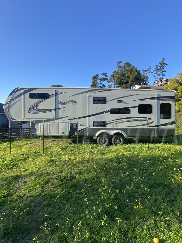 This rig has Large windows, black out shades. The Grand Design Solitude 310GK is a luxurious fifth wheel camper, perfect for those looking to travel in style and comfort. This 2019 model boasts a sleek and modern design, with attention to detail evident in every aspect of its construction. The exterior features a aerodynamic profile and high-quality construction materials, while the interior is spacious and thoughtfully designed for maximum comfort.The Solitude 310GK is the perfect blend of luxury and functionality, with plenty of storage space and modern amenities to make life on the road a breeze. The open floor plan includes a spacious living area with comfortable seating, a large kitchen with high-end appliances, and a cozy bedroom with a plush King-sized bed. The bathroom is no exception, featuring a luxurious shower and plenty of storage space for all your essentials.Traveling in the Grand Design Solitude 310GK is a truly luxurious experience, with all the comforts of home in a compact and stylish package. Whether you're headed out for a weekend getaway or a cross-country adventure, this fifth wheel camper has everything you need to make your journey unforgettable. Don't settle for less when it comes to your travel accommodations - choose the Grand Design Solitude 310GK for the ultimate in luxury and style.
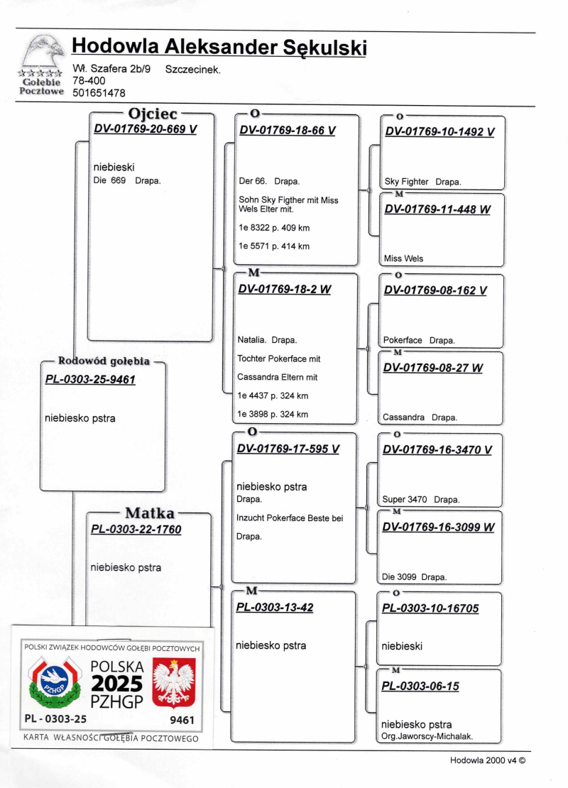 Płeć: samiec Hodowca - rasa: Oryg.WIECH RACING TEAM Wiechowicz-Sękulski Zakończenie: 26.10.2025 godz. 19:42
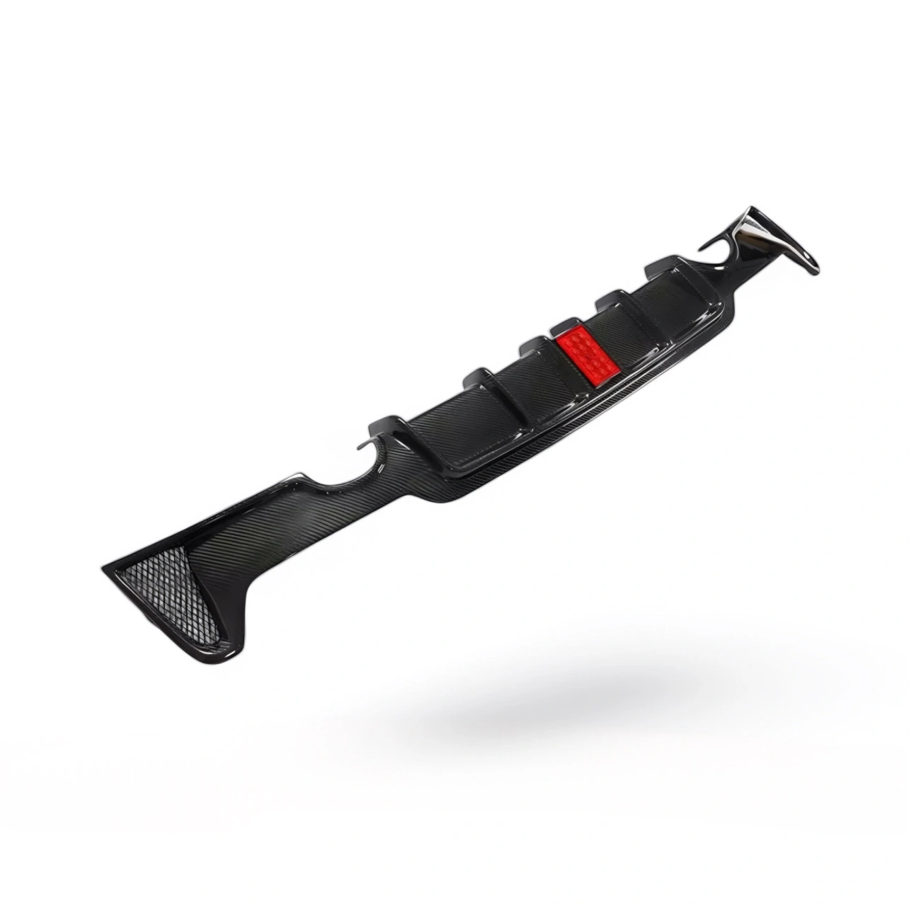 Difuzor bară spate din fibră de carbon cu LED integrat pentru BMW Seria 4 F32 Coupe, F33 Cabriolet și F36 Gran Coupé. Design agresiv, finisaj lucios și compatibilitate OEM.
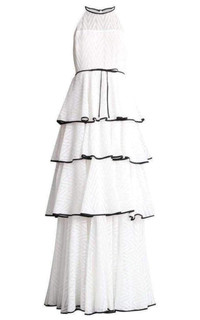 ZAC Zac Posen "Alexandria" gown in chevron mesh with contrast detail. Grecian neckline with strapless illusion; rouleau-button back. Sleeveless; cut-in shoulders. Cord belt at Empire waist. Tiered A-line silhouette. Back zip. Polyester. Dry clean.
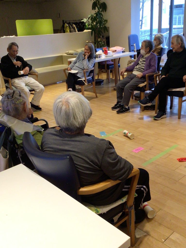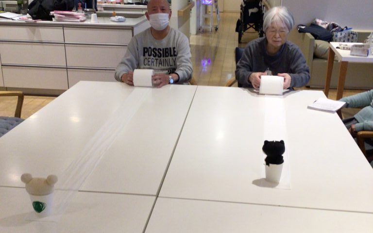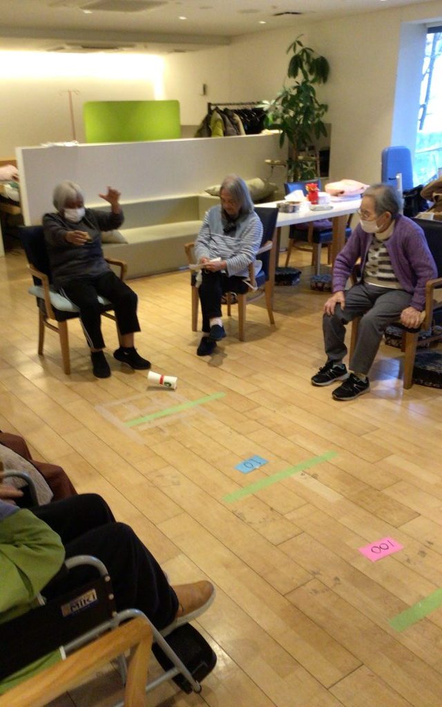 24日には紙コップを2つ繋げてそこに輪ゴムを巻いて、飛ばして落ちたところの点数で競うゲームですが… 皆さまなかなか思うようにはコップが飛ばず、それでも出来たら皆さま拍手👏で「凄い!出来た~!」と大喜びでした☺

» **Problem details**: The expected output is the material above, repeated exactly and free of pictures.

» **Reply to the exercise**:
 This rig has Large windows, black out shades. The Grand Design Solitude 310GK is a luxurious fifth wheel camper, perfect for those looking to travel in style and comfort. This 2019 model boasts a sleek and modern design, with attention to detail evident in every aspect of its construction. The exterior features a aerodynamic profile and high-quality construction materials, while the interior is spacious and thoughtfully designed for maximum comfort.The Solitude 310GK is the perfect blend of luxury and functionality, with plenty of storage space and modern amenities to make life on the road a breeze. The open floor plan includes a spacious living area with comfortable seating, a large kitchen with high-end appliances, and a cozy bedroom with a plush King-sized bed. The bathroom is no exception, featuring a luxurious shower and plenty of storage space for all your essentials.Traveling in the Grand Design Solitude 310GK is a truly luxurious experience, with all the comforts of home in a compact and stylish package. Whether you're headed out for a weekend getaway or a cross-country adventure, this fifth wheel camper has everything you need to make your journey unforgettable. Don't settle for less when it comes to your travel accommodations - choose the Grand Design Solitude 310GK for the ultimate in luxury and style.
 Płeć: samiec Hodowca - rasa: Oryg.WIECH RACING TEAM Wiechowicz-Sękulski Zakończenie: 26.10.2025 godz. 19:42
 Difuzor bară spate din fibră de carbon cu LED integrat pentru BMW Seria 4 F32 Coupe, F33 Cabriolet și F36 Gran Coupé. Design agresiv, finisaj lucios și compatibilitate OEM.
 ZAC Zac Posen "Alexandria" gown in chevron mesh with contrast detail. Grecian neckline with strapless illusion; rouleau-button back. Sleeveless; cut-in shoulders. Cord belt at Empire waist. Tiered A-line silhouette. Back zip. Polyester. Dry clean.
 24日には紙コップを2つ繋げてそこに輪ゴムを巻いて、飛ばして落ちたところの点数で競うゲームですが… 皆さまなかなか思うようにはコップが飛ばず、それでも出来たら皆さま拍手👏で「凄い!出来た~!」と大喜びでした☺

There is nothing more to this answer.